Die weiß schäumenden Wellen rollten schwer an den Strand des Inselgestades. Ich stand in dem vom Nieselregen noch feuchten Kies, sah die Segel der kleinen Brigg am grauen Horizont verschwinden.
Dunkelgrün ragte ein Wald dräuend auf.
Wo befand sich der Führer, der auf mich warten sollte? Soweit ich blicken konnte war niemand zu sehen. Auf meine Rufe antworteten nur die Geräusche der Natur, des Ozeans.. An einer geeigneten Stelle erkletterte Ich den steilen Steinwall, fand bald einen umgestürzten Baum, der meinem Plan entgegenkam, und begann Tee zuzubereiten, während ich auf den Eingeborenen wartete. Er sollte mich durch das Waldgebiet in die Dörfer begleiten.

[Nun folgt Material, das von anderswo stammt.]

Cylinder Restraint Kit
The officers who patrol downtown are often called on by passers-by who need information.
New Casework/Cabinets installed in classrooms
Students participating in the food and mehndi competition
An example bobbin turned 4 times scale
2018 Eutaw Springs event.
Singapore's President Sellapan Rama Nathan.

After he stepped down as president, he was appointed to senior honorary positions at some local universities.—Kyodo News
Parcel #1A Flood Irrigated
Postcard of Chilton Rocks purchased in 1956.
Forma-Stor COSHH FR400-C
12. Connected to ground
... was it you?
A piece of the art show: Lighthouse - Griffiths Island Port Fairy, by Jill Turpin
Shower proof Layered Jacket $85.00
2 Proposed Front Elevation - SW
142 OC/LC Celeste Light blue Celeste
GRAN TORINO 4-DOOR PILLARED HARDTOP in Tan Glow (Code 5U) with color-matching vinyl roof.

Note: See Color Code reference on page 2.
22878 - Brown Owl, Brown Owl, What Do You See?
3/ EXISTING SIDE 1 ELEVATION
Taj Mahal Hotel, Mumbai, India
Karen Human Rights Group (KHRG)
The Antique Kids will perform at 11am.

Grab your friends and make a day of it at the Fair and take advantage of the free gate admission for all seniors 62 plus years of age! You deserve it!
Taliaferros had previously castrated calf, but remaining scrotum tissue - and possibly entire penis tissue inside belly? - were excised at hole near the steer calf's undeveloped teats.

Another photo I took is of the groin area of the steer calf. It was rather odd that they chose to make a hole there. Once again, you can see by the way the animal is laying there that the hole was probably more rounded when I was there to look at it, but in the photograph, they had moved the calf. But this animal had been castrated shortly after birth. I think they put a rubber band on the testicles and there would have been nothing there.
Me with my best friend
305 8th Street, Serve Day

Mit einem Kanten trocknen Brotes und einem kleinen Stück Handkäse, noch aus dem Kloster, das ich vor vielen Wochen auf Anweisung des Priors verlassen hatte, stillte ich meinen Hunger. Hier, auf dieser unwirtlichen Insel, sollte ich die Missionierung der Bewohner vorbereiten.
Ich kam mir jämmerlich vor. Der Wald, den ich von der kleinen Anhöhe aus, auf der ich lagerte, ein kleines Stück weit im Auge hatte, schien mir bedrohlich, dunkel, von bösen Geistern erfüllt.
Meine rechte Hand griff verkrampft an das silberne Kreuz, das vor meiner Brust baumelte.
Wie oft hatte ich bei meiner Arbeit als Kalligraph in den Gewölben des Jesuitenklosters die entsetzlichsten Darstellungen über die Gefahren, die einsamen Wanderern, vor allem in unbewohnten Wäldern drohten, gelesen. 
Ich schlürfte den heißen Tee, versuchte mich zu beruhigen.
Ich befand mich immerhin auf einer Mission zu Gottes Gnaden. Was konnte mir passieren?
Sollte ich das Feuer löschen? Lenkte es die Aufmerksamkeit der Dämonen auf mich?
Doch die Angst, die schnell näher kommende Nacht im Finstern zu verbringen, behielt Oberhand und ich legte noch etliche Äste auf. 
Der brackig schmeckende, starke Wein aus dem Lederbeutel wirkte als probater Schlaftrunk, erst in den ersten Sonnenstrahlen wachte ich, von harscher Hand geschüttelt, mit einem entsetzten Schrei, dem sicheren Wissen um mein letztes Stündlein auf.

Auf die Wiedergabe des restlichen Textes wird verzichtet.